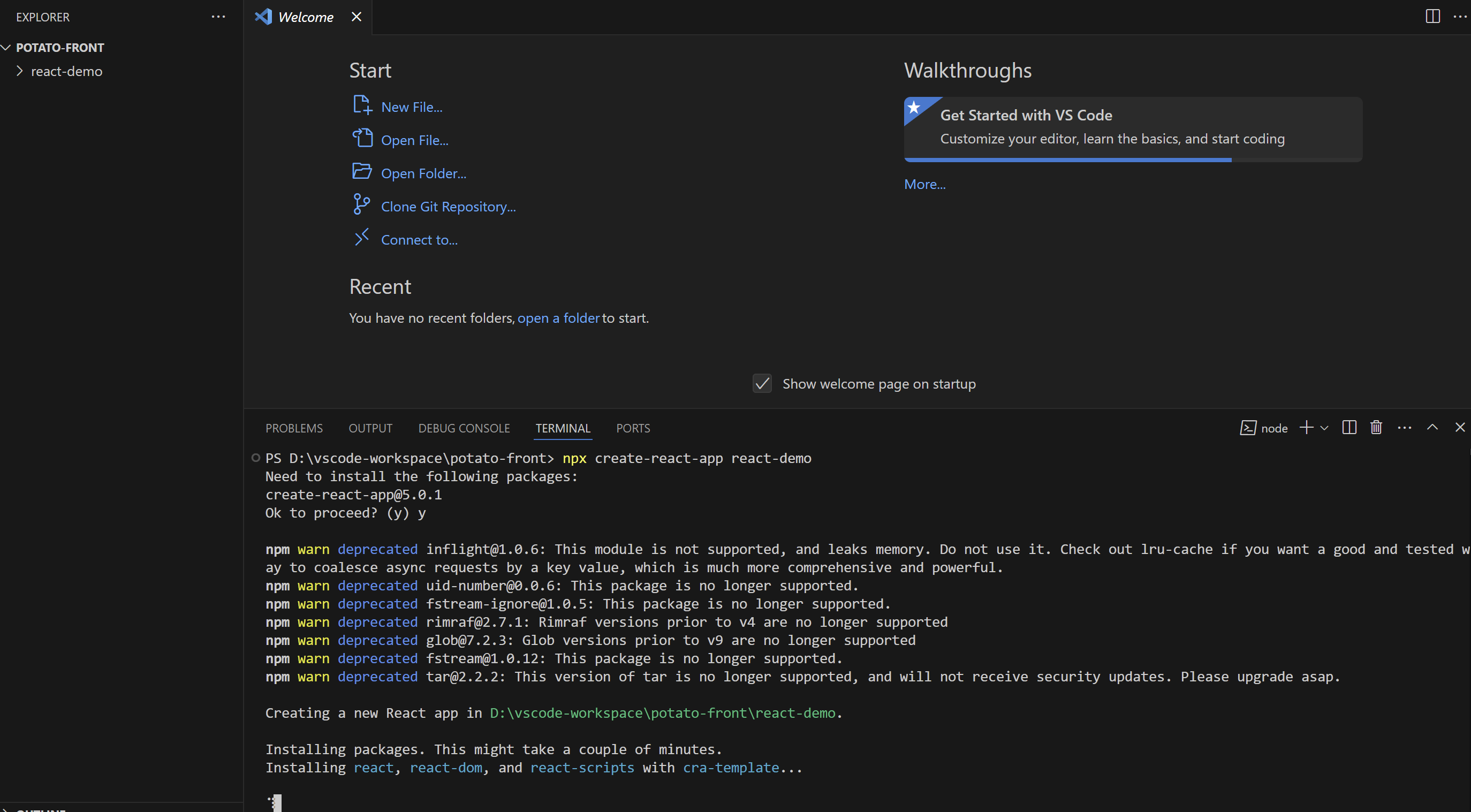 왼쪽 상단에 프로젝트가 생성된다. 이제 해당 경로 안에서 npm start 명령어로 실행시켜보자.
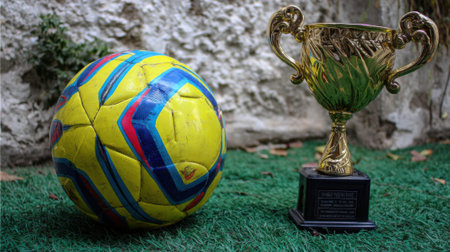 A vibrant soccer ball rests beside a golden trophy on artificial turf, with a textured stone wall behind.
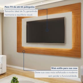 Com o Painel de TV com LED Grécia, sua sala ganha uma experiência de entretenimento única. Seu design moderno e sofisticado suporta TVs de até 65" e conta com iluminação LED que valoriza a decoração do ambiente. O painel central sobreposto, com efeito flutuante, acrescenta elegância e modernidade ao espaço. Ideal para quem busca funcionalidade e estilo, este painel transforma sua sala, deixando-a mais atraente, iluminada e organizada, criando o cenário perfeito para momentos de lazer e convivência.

= = = =

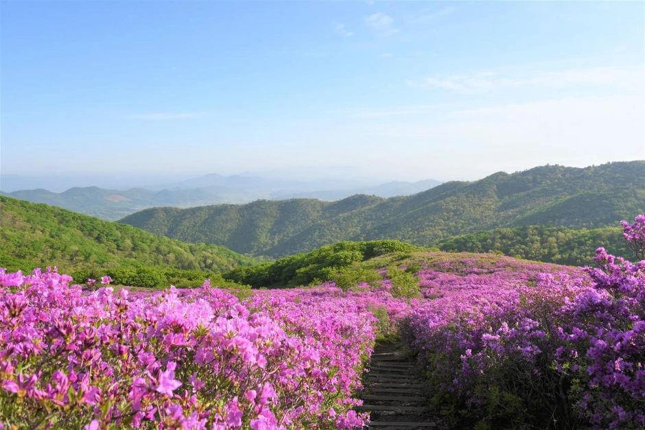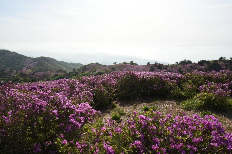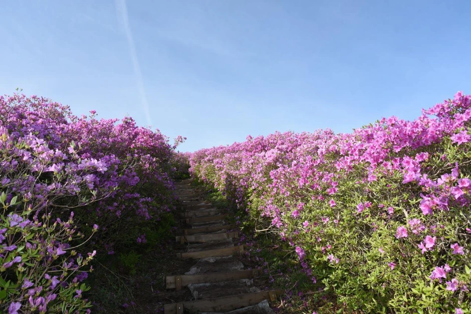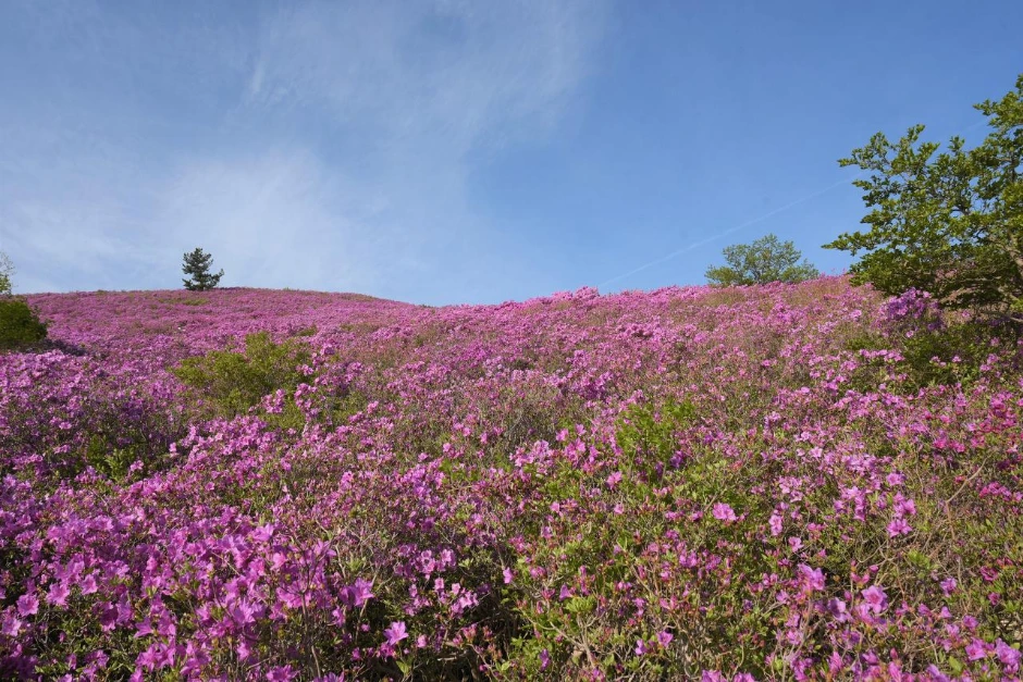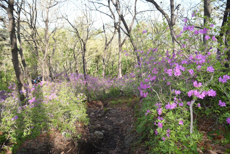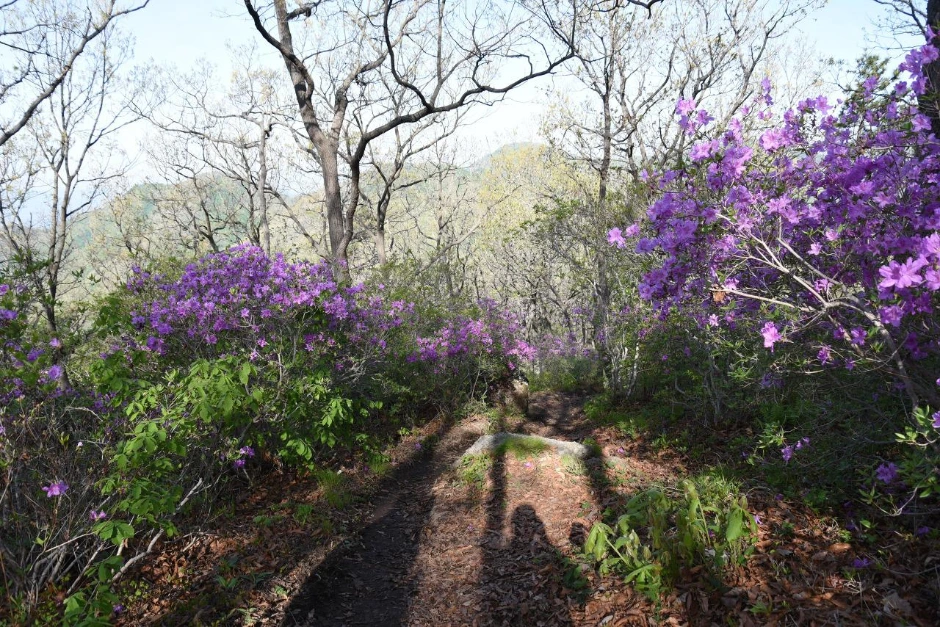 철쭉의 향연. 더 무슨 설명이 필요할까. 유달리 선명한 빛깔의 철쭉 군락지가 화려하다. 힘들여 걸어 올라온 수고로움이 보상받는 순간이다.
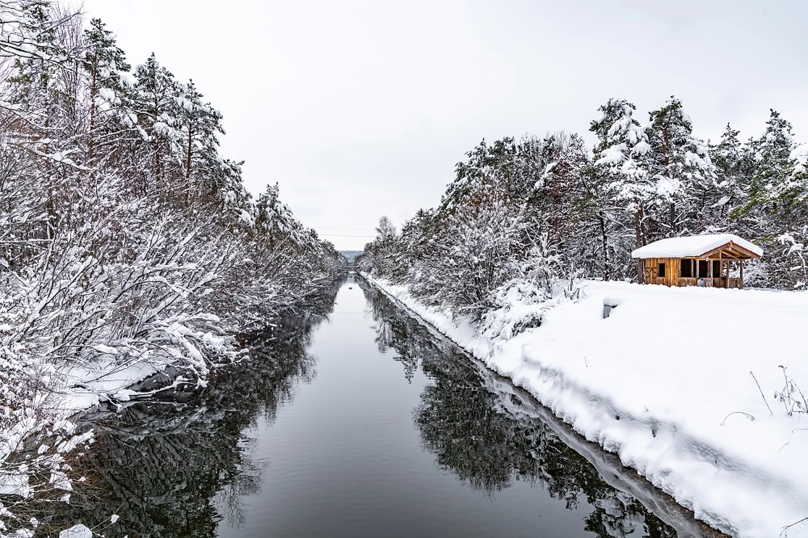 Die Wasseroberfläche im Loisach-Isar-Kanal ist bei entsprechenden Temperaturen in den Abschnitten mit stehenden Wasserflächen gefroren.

= = = =

WHAT YOU SHOULD DO. Return exactly the lines above, from the one with "왼쪽 상단에 프로젝트가" up to and including the one with "Com o Painel", and include no pictures.

EXERCISE SOLUTION.
 왼쪽 상단에 프로젝트가 생성된다. 이제 해당 경로 안에서 npm start 명령어로 실행시켜보자.
 A vibrant soccer ball rests beside a golden trophy on artificial turf, with a textured stone wall behind.
 Com o Painel de TV com LED Grécia, sua sala ganha uma experiência de entretenimento única. Seu design moderno e sofisticado suporta TVs de até 65" e conta com iluminação LED que valoriza a decoração do ambiente. O painel central sobreposto, com efeito flutuante, acrescenta elegância e modernidade ao espaço. Ideal para quem busca funcionalidade e estilo, este painel transforma sua sala, deixando-a mais atraente, iluminada e organizada, criando o cenário perfeito para momentos de lazer e convivência.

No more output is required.